Demonetisation and people’s suffering — the material issues — took a back seat in political calculations. The unprecedented victory of the BJP and the selection of firebrand Hindutva leader Yogi Adityanath as U.P. Chief Minister signified the ascendency of cultural singularity being a condition to developmental politics.

The glimmers of this were visible in the Gujarat election though the equations had changed by then. The BJP suffered serious setbacks in rural seats. The historic win in Tripura gave the BJP the mistaken confidence about the invincibility of cultural issues qualifying the material promises. It rejected the subsequent setbacks in by-elections as aberrations until it suffered defeat in the recent Chhattisgarh, Rajasthan and Madhya Pradesh Assembly elections in varying degrees.

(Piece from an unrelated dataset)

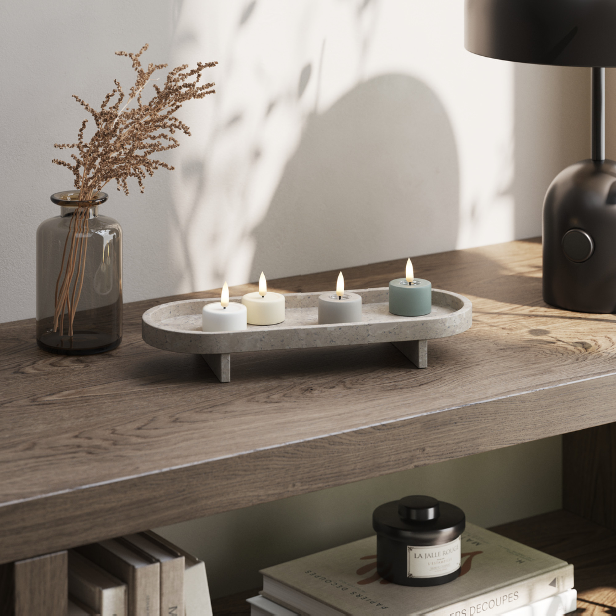 Vores lys er omhyggeligt designet med en resin-top, der skaber en autentisk effekt, som om lysene har brændt i et stykke tid. Denne særlige egenskab gør vores lys utroligt realistiske, især når flammen kaster sit varme skær på resinoverfladen.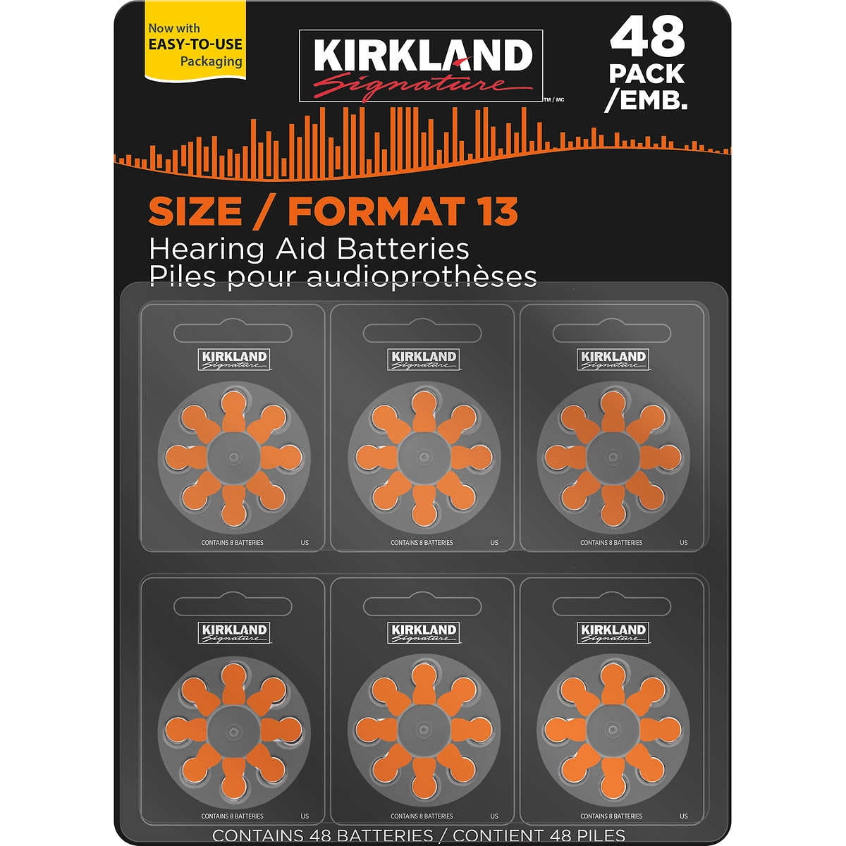 Product DetailsMercury FreeSize 1348 ctMore Information:Durable stainless-steel housing ensures ultimate stability and protection against corrosion2- to 3-year shelf life; remove tab and allow battery to be exposed to air for 1 minute to activate battery before inserting into hearing deviceKirkland Signature Hearing Aid Batteries, Size 13, 48 ct

The factors that revived the Congress from dormancy were the material crisis after demonetisation and the Goods and Services Tax. The combination of rural distress, joblessness and rural inflation are the issues that significantly account for the BJP’s electoral loss. There is no reason to believe that these issues will not be relevant in 2019, as is argued in the oft-repeated electoral cliché that the dynamics for the Assembly and Lok Sabha elections are qualitatively different. Also, it would be wrong to read too much in the Congress’s recent flirtation with soft Hindutva. The Congress did not get votes due to Congress president Rahul Gandhi’s temple visits. The cultural posturing of the Congress was just a symbolic labelling beneath which lay its position of being a default alternative and spelling promise for farmers and the youth.

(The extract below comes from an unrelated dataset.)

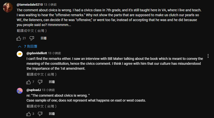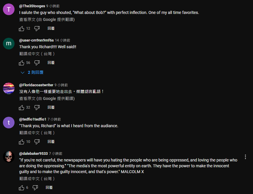 其中一名叫做Cheri Ziegra的網友,也在Facebook劇院粉專「The Cabot」上留言,譴責官方居然沒有過濾這種帶有歧視意味的行為,任由散布這種內含歧視、厭女言論:「真是太噁心了,The Cabot劇院居然沒有審查他的演出,雖然我是後來才知道,他(指李察)有這種種族主義、恐同跟厭女的發言。」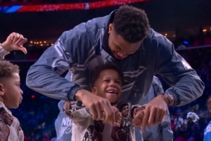 比赛中,伦纳德化身战神卡,字母哥的儿子在场边竖起大拇指为伦纳德加油,作为世界队的一员,字母哥赶紧按下儿子的双手,并教他拇指向下嘘。

All attempts to whip up issues of a Ram temple and name-changing did not prevent the BJP from losing a substantial portion of votes to the Congress. The success of cultural politics presupposes the delivery of a basic minimum denominator of material interest. The BSP, too, did not resonate with Dalit voters in the three States despite controversy and anger around the Scheduled Castes and Scheduled Tribes (Prevention of Atrocities) Act, as the party did not have any material narrative.

Similarly, Muslims voted more enthusiastically for the Telangana RashtraSamithi (TRS) in Telangana rather than the Owaisi-led All India Majlis-e-IttehadulMuslimeen on account of the TRS’s populist welfare policies.

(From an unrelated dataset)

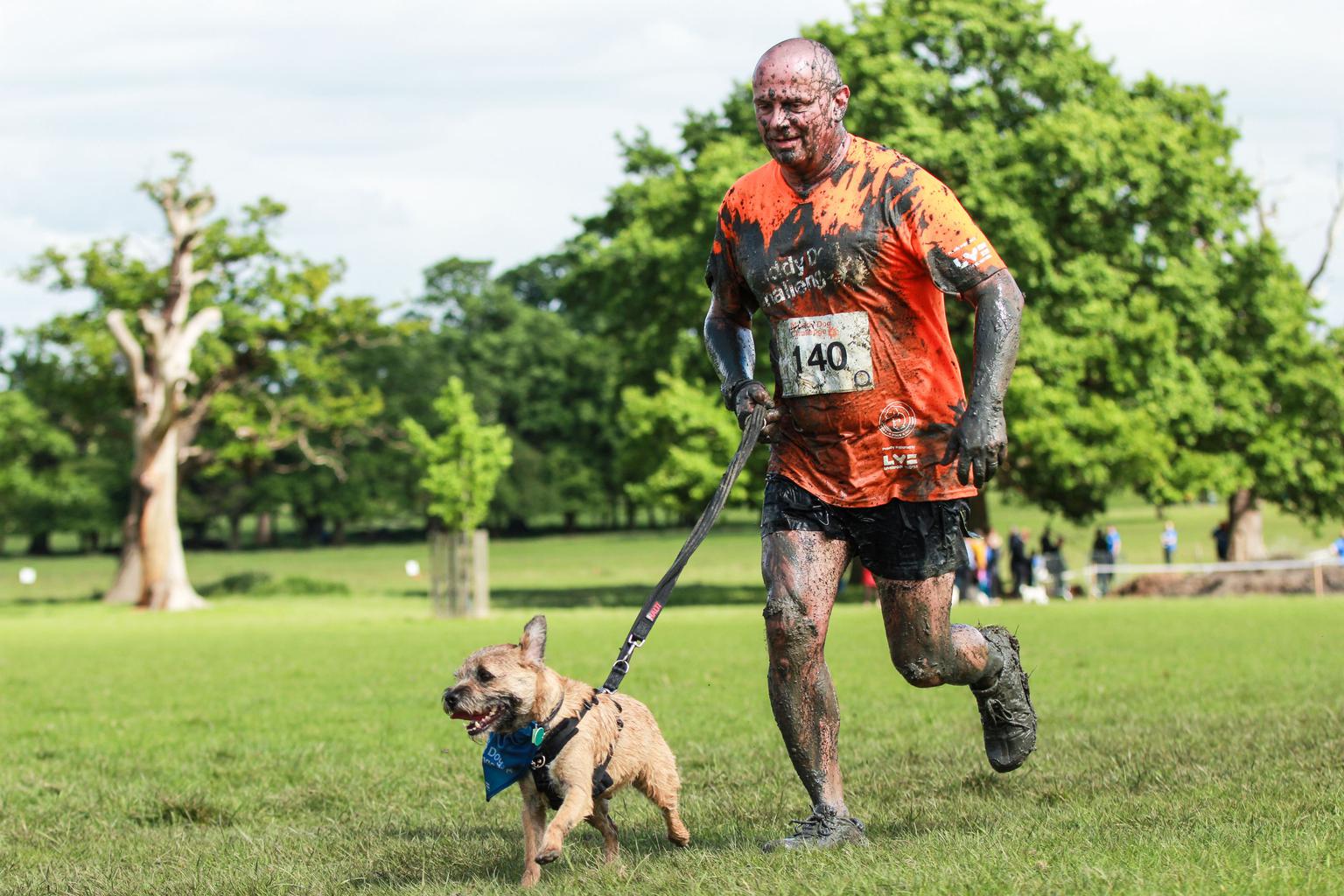 Runner and dog jogging to the finish line.

This marked material crisis informing the Indian polity indicates the shrinking space of cultural politics. Hence, the road to 2019 lies in the framework of centrism that guarantees electoral success in resurrecting material politics without any polarising attempt to privilege the cultural singularity of Hindutva or its rhetorical counterpart from the Left’s attempt to forge a Dalit-Muslim alliance.